1 Introduction to the project

According to the WHO Suicides organization, 800.000 committed suicide in 2018. This means every 40 seconds a person dies by suicide. This number is fortunately dropping. In this kernel I want to explore the evolution of suicide rate using the dataset provided here on Kaggle.

I’ll be using the powerful R language to do this analysis, my main focus is to understand what affects the suicide rate to decrease.

Let’s start by loading the packages we’ll be using throughout this study.

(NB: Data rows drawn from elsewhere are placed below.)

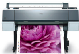
Epson Stylus Pro 7900
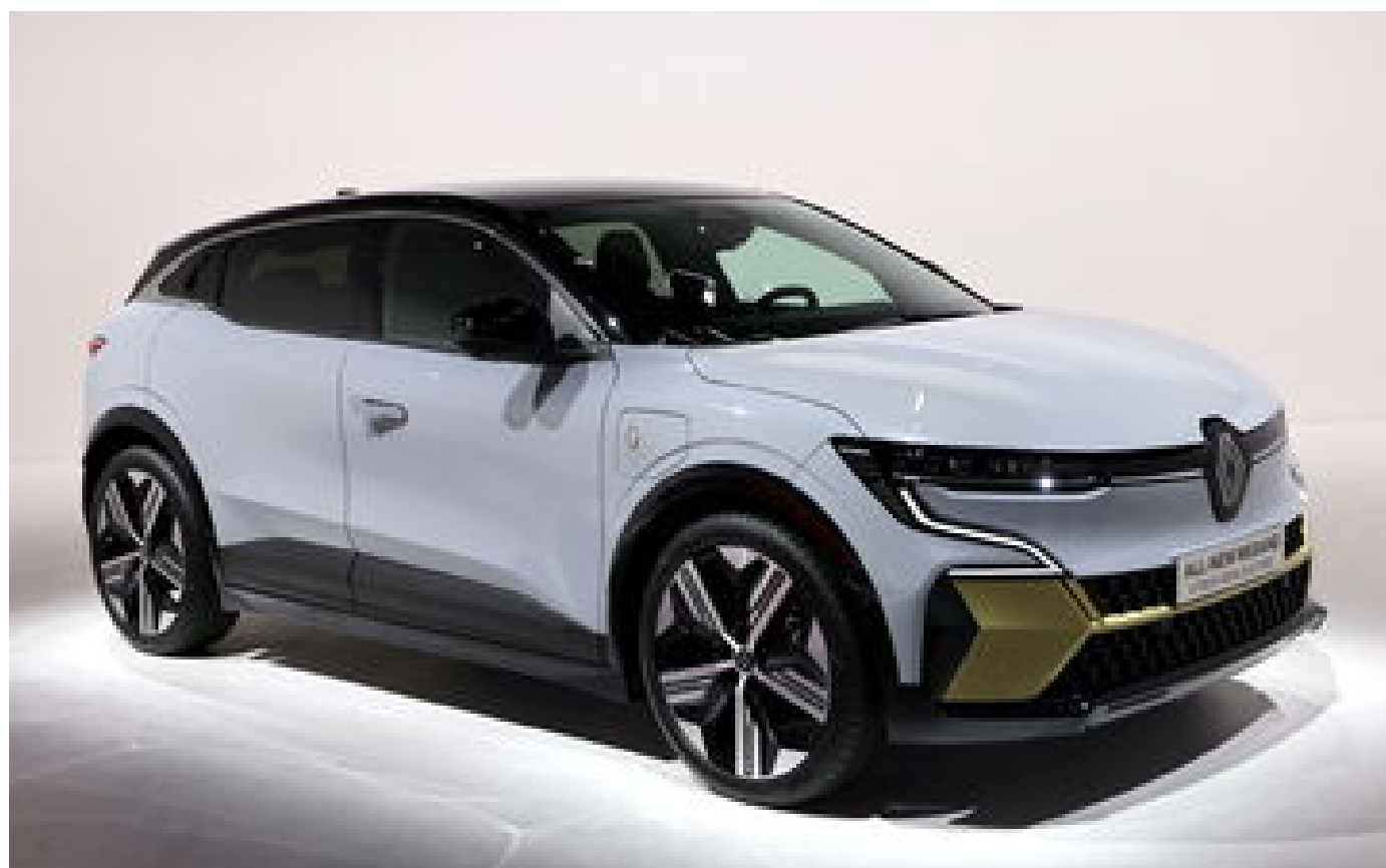
Abonnés Renault dévoile la MéganE, son véhicule familial 100% électrique
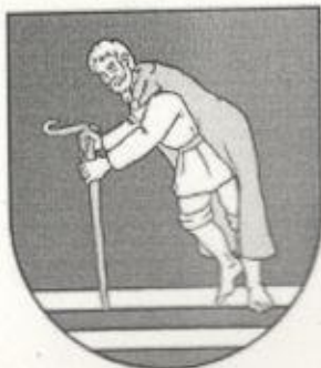
erb obce.jpg 15K
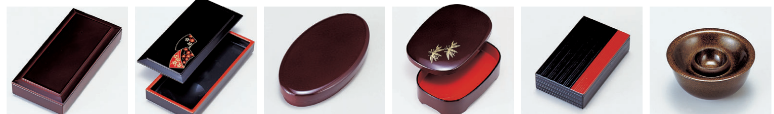
8-1109-13 1-767-14 A徳川のり入れ 溜 ¥1,300 (16×7.5×2.8) 幅100 8-1109-14 1-767-15 A徳川のり入れ 黒扇面 ¥1,350 (16×7.5×2.8) 幅100 8-1109-15 1-767-17 M小判型のり入れ 溜内朱 ¥1,400 (15.2×8.4×2.5) 幅100 8-1109-16 1-767-18 Mくつわ型のり入れ 溜内朱笹 ¥1,650 (13.6×7.2×3.5) 幅100 8-1109-17 1-767-19 困のり入れ 黒/朱 ¥2,280 (13.2×7.3×3.1) 幅100 8-1109-18 1-767-20 M玉子立て 梨地 ¥1,200 (11.3φ×5.3) 幅100
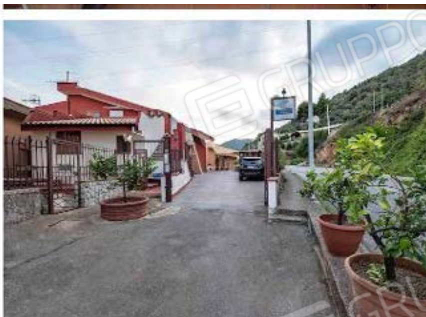
FOTO N. 3- Ingresso al lotto di terreno dalla via Pietro Novelli civ 297
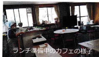
ランチ準備中のカフェの様子
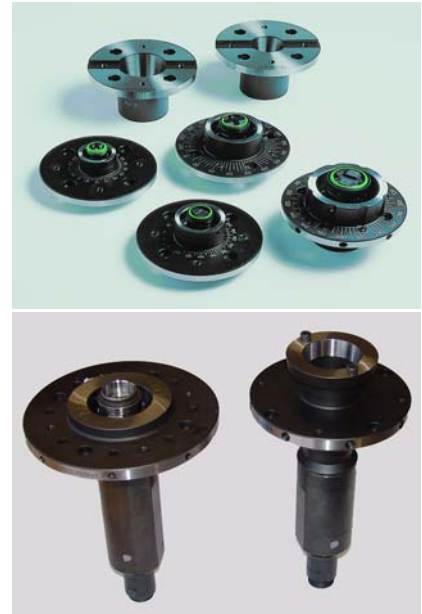
Werkzeugaufnahmeadapter, manuell (oben) und automatisch (unten)
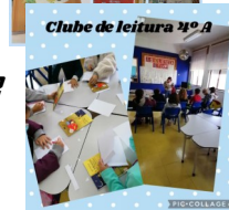
Clube de leitura 4.ºA
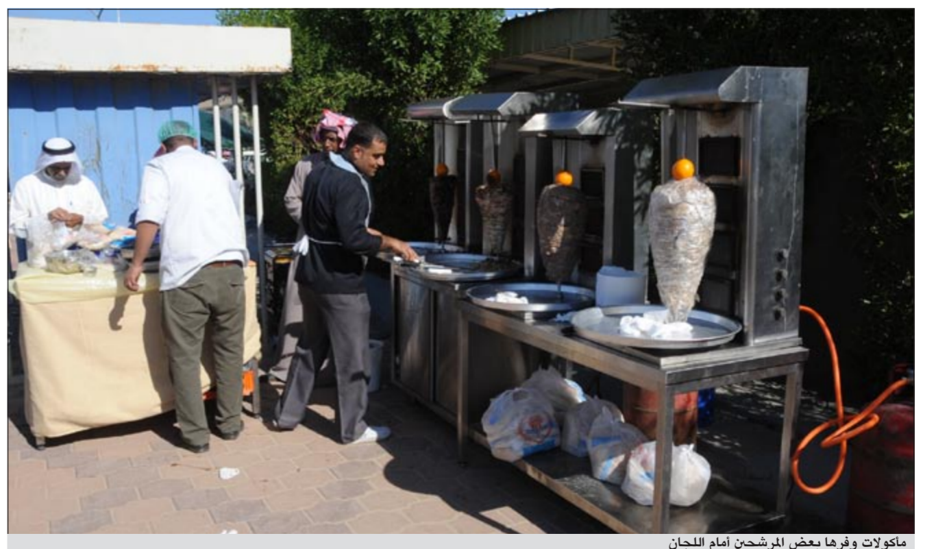
ماكولات وقرها بعض المرشحين أمام اللجان
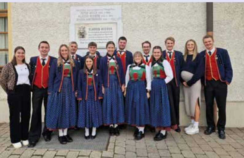
Der neue Ausschuss der PAMO

Die Planung ist bereits in vollem Gange und schon bald dürfen wir über verschiedene Kanäle erste Einblicke in Programm, Ablauf und Mitwirkende geben. Für alle, die auf Social Media unterwegs sind, heißt es also ab sofort: Griff zum Handy und
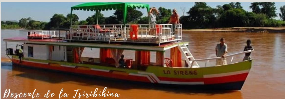
Descente de la Tsiribihina
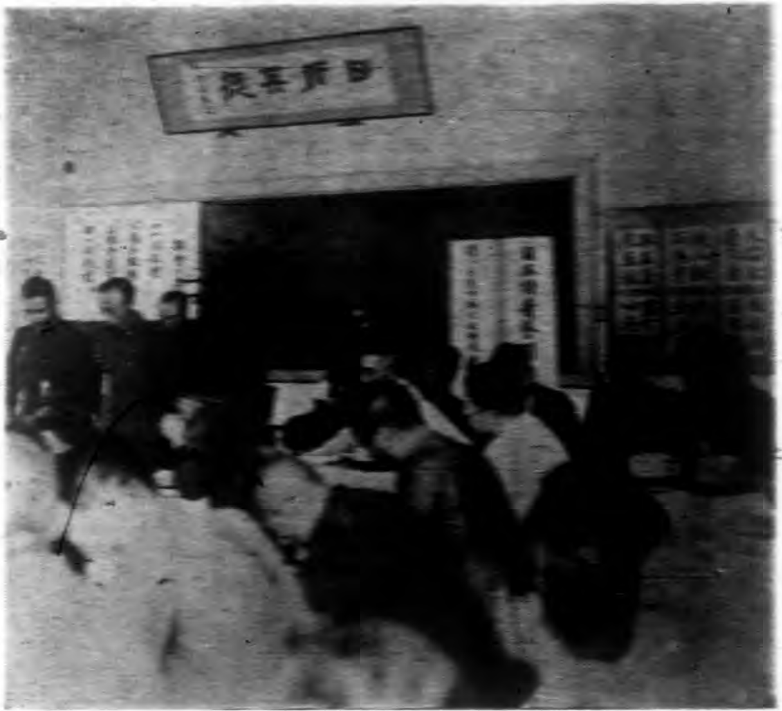
（會話）教育部重光堂

語，其方法雖有許多，然而必須達到耳之所聞莫非都有日語的程度。例如除法令軍隊用語學校教育均行使用日語外，凡報紙、雜誌、兒童讀物、電影歌曲招牌等均行使用日語。
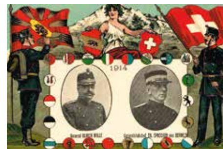
Occupation de la frontière en 1914, avec photos du général et du chef de l'État-major général.

country year sex age suicides_no population suicides.100k.pop country.year HDI.for.year gdp_for_year…. gdp_per_capita…. generation
Albania 1987 male 15-24 years 21 312900 6.71 Albania1987 NA 2,156,624,900 796 Generation X
Albania 1987 male 35-54 years 16 308000 5.19 Albania1987 NA 2,156,624,900 796 Silent
Albania 1987 female 15-24 years 14 289700 4.83 Albania1987 NA 2,156,624,900 796 Generation X
Albania 1987 male 75+ years 1 21800 4.59 Albania1987 NA 2,156,624,900 796 G.I. Generation
Albania 1987 male 25-34 years 9 274300 3.28 Albania1987 NA 2,156,624,900 796 Boomers
Albania 1987 female 75+ years 1 35600 2.81 Albania1987 NA 2,156,624,900 796 G.I. Generation

1.1 Variable definition

Before we go further in this analysis, it is important to know what each column or variable in the dataset stands for.

I think only the columns suicide.100k, suicide.no and HDI.for.year are problematic. Let’s explain them :

suicide.100k stands for the number of death by suicide for a total 100.000 deaths.

suicide.no is the number of suicide.

HDI.for.year is the Human Development Index of the year.